Good news. The PM-with-AI combo has a ceiling. And the ceiling is above where most engineers spend their week right now.

Four things the prototype still can't touch:

  1. Architecture that survives growth the demo has never seen. The prototype handles ten users on localhost. What happens at ten thousand? At a million? The decisions that determine whether the system bends or breaks under that load are invisible inside a running demo. They're invisible right up until the moment they aren't.
  2. Failure modes that only show up in production weather. Production is a climate. Network partitions. Clock skew. Partial failures. Retries that amplify load during an incident. The prototype that runs beautifully on a laptop has never seen a real storm. Knowing what breaks, when, and how to keep it from breaking comes from having been on call the night it did.
  3. Second-order consequences baked into the prototype. The PM's demo made a database choice, a caching choice, a state management choice. Each one looked reasonable in isolation. Each one locks the system into a direction you'll regret in six months if you're the one still on the hook. AI is a single-move thinker. A senior engineer is thinking five moves ahead.
  4. The second mind in the room. The PM with AI builds fast because nobody in the loop is disagreeing with them. No spec review, no engineer asking "wait, why?", no other brain looking at the same problem with a different set of reflexes. That speed is also where it breaks. A prototype that catches six edge cases is still a prototype with no disagreement inside it. I've shipped enough things as a solo operator to know the most dangerous bugs come from the questions nobody in the room was assigned to ask. The PM-with-AI inherits that exact blind spot.

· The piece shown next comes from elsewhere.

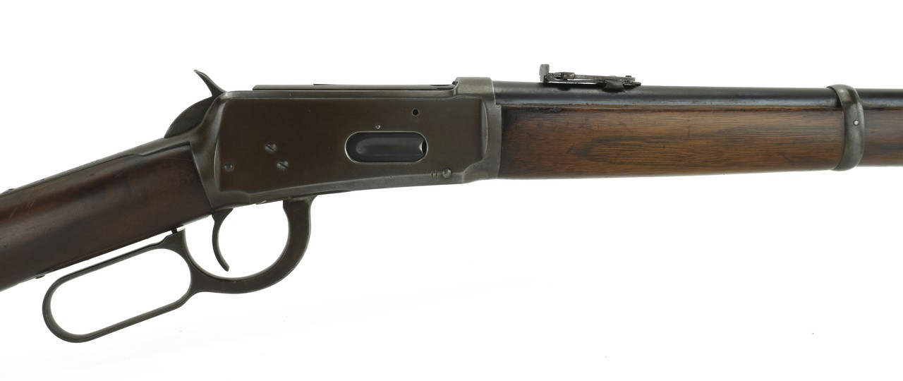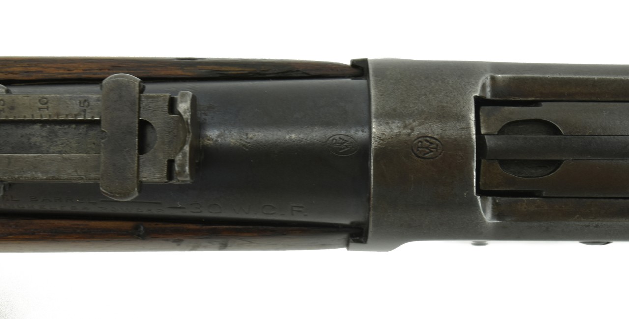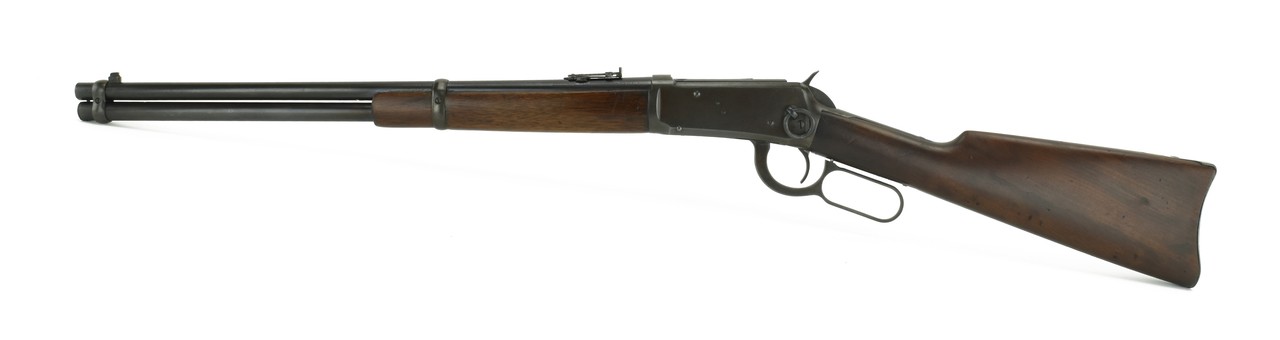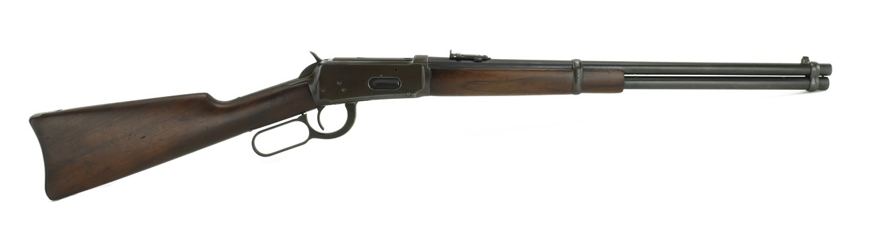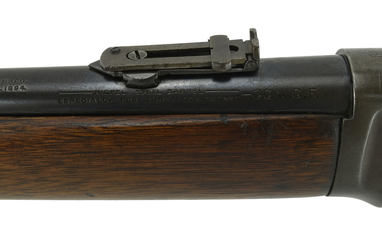 Winchester Model 94 .30 WCF caliber carbine. Saddle Ring carbine made in 1925. Bore has strong rifling with frosting in the grooves. Barrel has approximately 95% original blue. Receiver has a brown patina. Action works perfectly. Very good overall condition.

None of these are bootcamp skills. None of them show up in job listings as "React developer, 3+ years." They come from shipping real systems, watching them break in embarrassing ways, and building an internal model of what never to do again.

If you're wondering where to aim, aim there. Not at writing more code. At understanding what happens when the code meets the world.

There's an uncomfortable thing sitting inside this. The climb I'm pointing at requires the kind of bruising that used to come from the middle rungs of the ladder.

The tickets that taught you what you now know were the tickets most likely to get absorbed by the PM-with-AI. Newer engineers will have to find a different on-ramp to the scar tissue, and nobody has mapped that route yet.

The climb is real. The ladder is getting kicked.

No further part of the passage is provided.